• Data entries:
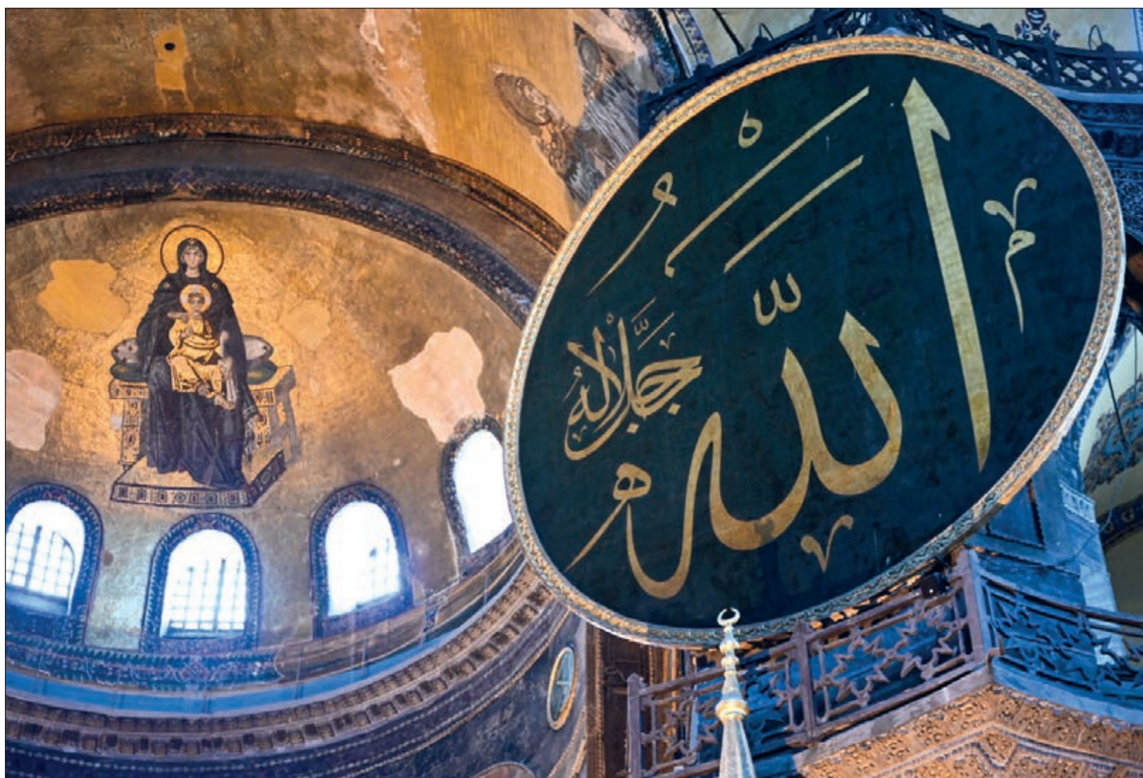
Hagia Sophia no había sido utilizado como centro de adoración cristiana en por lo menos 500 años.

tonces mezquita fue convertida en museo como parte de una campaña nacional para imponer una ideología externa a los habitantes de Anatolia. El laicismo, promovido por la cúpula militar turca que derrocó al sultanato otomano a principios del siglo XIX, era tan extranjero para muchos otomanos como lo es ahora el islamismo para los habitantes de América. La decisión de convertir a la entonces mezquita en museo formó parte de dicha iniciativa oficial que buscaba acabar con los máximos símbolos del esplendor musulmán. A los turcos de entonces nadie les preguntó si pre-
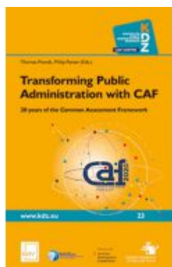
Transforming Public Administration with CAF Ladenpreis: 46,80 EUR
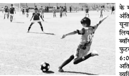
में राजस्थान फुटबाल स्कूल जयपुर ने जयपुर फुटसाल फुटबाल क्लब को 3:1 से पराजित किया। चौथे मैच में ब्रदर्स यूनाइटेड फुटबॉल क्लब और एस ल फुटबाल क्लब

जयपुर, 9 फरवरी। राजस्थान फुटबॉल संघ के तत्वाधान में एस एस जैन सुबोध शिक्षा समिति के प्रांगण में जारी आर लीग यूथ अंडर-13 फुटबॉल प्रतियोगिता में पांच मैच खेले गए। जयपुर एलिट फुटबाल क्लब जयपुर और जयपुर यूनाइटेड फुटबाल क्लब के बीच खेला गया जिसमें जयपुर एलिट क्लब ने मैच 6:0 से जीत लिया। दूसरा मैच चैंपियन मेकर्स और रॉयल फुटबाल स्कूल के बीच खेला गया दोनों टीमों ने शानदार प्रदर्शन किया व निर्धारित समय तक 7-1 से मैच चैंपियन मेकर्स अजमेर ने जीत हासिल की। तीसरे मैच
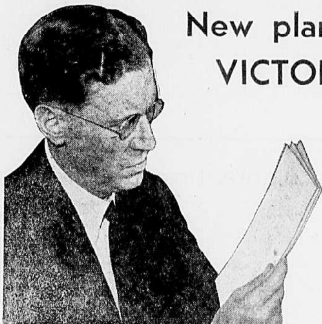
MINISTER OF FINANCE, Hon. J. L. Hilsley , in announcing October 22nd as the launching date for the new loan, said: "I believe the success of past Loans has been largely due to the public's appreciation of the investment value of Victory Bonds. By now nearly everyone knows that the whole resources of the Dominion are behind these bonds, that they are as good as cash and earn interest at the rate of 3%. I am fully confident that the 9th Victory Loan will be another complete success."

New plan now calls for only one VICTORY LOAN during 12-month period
...
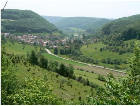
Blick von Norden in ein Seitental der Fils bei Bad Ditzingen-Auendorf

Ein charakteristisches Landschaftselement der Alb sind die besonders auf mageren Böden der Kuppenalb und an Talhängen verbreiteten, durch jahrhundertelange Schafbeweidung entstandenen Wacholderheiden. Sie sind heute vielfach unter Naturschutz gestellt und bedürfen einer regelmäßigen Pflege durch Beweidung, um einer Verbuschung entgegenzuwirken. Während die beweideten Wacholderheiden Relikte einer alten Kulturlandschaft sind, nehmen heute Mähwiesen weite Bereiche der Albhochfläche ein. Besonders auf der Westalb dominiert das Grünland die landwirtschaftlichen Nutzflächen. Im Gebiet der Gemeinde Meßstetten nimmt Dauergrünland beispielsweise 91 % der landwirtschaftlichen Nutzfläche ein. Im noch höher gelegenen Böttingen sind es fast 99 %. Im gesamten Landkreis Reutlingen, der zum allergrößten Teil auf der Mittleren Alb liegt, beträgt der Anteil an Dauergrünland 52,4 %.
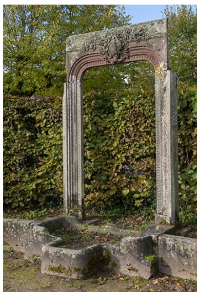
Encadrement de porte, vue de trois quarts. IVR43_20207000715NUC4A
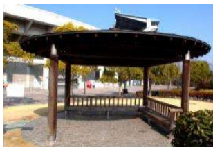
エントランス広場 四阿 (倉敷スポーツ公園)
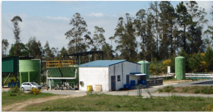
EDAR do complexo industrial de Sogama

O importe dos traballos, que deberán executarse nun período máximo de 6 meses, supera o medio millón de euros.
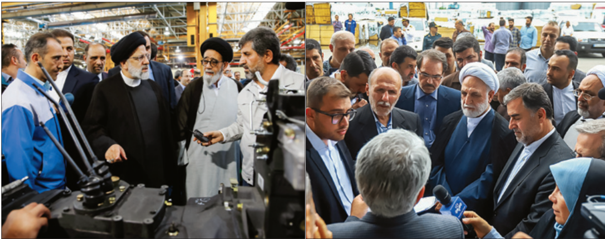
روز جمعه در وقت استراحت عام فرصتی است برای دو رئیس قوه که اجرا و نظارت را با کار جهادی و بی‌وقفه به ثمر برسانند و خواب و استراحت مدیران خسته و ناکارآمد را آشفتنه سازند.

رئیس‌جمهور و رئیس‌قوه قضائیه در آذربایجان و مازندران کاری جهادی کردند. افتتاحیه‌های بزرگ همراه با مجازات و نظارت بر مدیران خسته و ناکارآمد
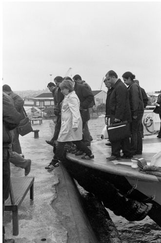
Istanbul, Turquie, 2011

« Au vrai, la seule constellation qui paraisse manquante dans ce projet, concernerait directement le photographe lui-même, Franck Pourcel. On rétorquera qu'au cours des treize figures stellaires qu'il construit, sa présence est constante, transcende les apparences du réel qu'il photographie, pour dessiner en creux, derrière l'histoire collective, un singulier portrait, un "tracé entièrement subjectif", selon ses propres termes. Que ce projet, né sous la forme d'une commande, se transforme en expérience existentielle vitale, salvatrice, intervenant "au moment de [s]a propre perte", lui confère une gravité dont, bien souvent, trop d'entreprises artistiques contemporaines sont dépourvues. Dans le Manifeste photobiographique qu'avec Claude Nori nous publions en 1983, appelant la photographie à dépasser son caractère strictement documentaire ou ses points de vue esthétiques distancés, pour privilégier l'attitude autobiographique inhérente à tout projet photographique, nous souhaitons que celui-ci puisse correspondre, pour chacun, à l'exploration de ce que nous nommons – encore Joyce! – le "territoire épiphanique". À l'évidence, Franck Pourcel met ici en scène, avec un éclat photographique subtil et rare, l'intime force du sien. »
==
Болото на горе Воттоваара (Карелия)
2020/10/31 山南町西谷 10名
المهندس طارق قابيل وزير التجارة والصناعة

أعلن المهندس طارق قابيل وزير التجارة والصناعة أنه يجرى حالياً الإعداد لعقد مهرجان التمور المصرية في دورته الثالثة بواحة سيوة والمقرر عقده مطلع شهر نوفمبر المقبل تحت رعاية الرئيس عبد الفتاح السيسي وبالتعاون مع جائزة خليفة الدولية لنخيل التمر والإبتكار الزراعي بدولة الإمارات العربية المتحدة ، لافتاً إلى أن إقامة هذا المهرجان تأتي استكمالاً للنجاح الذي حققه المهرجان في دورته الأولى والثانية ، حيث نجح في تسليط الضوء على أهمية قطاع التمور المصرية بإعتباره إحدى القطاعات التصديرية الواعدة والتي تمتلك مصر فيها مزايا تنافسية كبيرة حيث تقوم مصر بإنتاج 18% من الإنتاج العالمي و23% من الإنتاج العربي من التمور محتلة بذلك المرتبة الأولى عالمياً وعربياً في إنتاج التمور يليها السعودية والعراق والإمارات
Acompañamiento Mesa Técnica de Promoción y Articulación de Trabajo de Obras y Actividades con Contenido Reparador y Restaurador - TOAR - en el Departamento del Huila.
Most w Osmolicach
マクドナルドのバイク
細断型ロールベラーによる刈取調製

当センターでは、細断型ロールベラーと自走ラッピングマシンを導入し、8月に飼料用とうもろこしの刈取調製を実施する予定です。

• WORK TO BE COMPLETED: Go through the entries above and report each line with the string "ناکارآمد" in it.

• SOLUTION FOR THIS TASK:
روز جمعه در وقت استراحت عام فرصتی است برای دو رئیس قوه که اجرا و نظارت را با کار جهادی و بی‌وقفه به ثمر برسانند و خواب و استراحت مدیران خسته و ناکارآمد را آشفتنه سازند.
رئیس‌جمهور و رئیس‌قوه قضائیه در آذربایجان و مازندران کاری جهادی کردند. افتتاحیه‌های بزرگ همراه با مجازات و نظارت بر مدیران خسته و ناکارآمد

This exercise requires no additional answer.